*** Input for this task
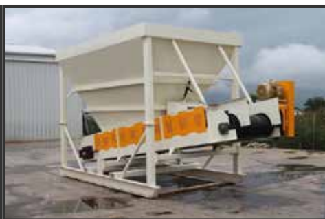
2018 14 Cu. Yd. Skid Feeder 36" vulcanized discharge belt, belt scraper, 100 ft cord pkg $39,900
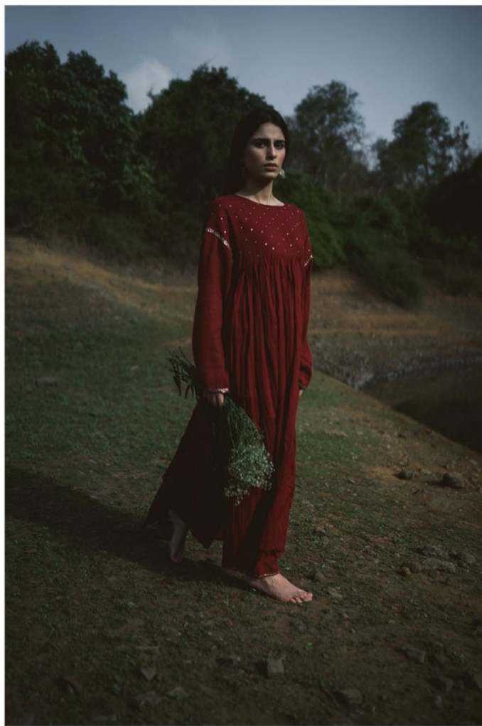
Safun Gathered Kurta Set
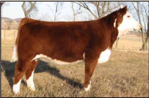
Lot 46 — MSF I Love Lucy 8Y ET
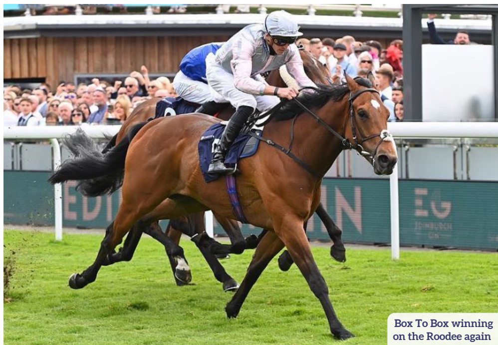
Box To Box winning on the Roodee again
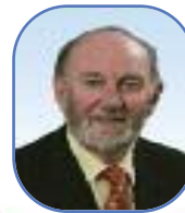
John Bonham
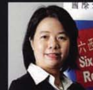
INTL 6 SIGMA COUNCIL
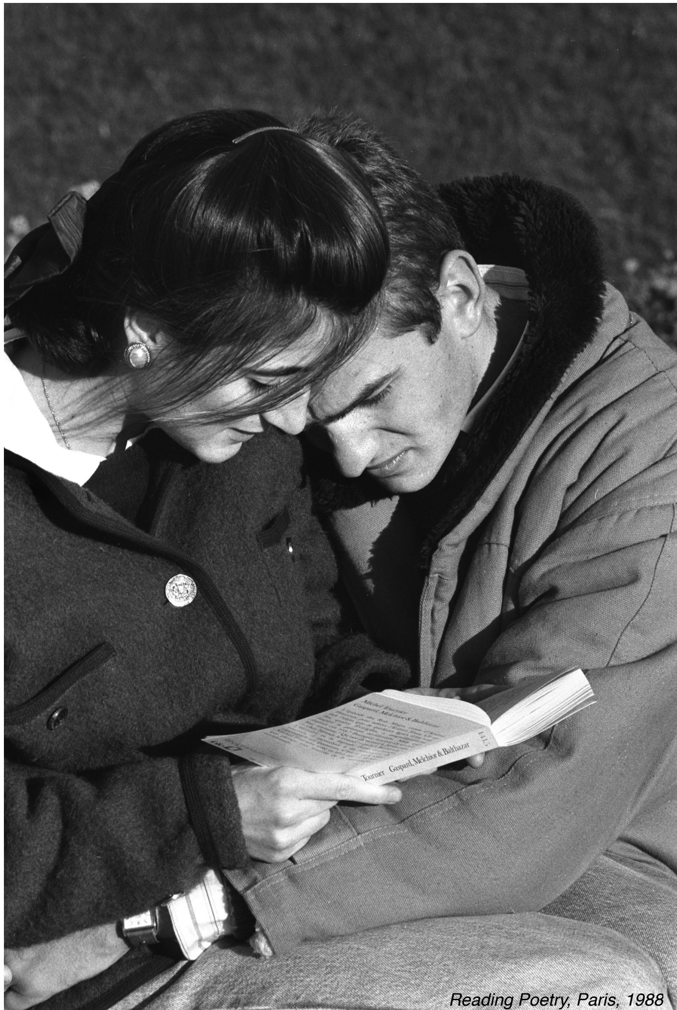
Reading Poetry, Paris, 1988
******
*** Input for this task
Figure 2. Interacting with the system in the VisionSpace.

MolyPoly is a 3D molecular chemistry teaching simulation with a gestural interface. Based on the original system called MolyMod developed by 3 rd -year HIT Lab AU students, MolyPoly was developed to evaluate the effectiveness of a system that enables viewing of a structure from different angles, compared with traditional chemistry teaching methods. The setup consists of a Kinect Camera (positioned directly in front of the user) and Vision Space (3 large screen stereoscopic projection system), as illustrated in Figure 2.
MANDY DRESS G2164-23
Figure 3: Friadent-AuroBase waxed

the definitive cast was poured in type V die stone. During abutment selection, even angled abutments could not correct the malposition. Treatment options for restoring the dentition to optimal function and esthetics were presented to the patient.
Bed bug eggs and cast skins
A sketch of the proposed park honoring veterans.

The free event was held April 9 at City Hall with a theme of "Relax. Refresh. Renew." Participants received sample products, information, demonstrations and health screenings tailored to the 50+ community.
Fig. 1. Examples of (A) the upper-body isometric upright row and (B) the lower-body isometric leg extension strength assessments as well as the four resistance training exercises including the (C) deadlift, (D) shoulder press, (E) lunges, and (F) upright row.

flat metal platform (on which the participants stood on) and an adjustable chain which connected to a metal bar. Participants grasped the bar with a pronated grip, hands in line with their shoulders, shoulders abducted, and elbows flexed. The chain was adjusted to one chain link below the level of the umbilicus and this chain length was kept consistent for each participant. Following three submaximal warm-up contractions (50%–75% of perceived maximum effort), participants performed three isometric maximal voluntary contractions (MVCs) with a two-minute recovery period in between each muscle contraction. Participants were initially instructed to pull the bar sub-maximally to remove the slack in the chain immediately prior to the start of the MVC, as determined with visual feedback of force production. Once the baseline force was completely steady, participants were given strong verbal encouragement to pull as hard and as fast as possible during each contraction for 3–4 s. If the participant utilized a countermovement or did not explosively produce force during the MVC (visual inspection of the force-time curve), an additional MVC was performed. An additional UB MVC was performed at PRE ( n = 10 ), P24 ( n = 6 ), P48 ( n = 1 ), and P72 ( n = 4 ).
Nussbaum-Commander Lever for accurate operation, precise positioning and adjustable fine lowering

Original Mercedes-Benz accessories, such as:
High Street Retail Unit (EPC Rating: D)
******
All pictures are to be skipped. Output, word for word, the lines in the data above starting at the line containing "2018 14 Cu." and ending at the line containing "Reading Poetry, Paris, 1988".

_Solution below:_
2018 14 Cu. Yd. Skid Feeder 36" vulcanized discharge belt, belt scraper, 100 ft cord pkg $39,900
Safun Gathered Kurta Set
Lot 46 — MSF I Love Lucy 8Y ET
Box To Box winning on the Roodee again
John Bonham
INTL 6 SIGMA COUNCIL
Reading Poetry, Paris, 1988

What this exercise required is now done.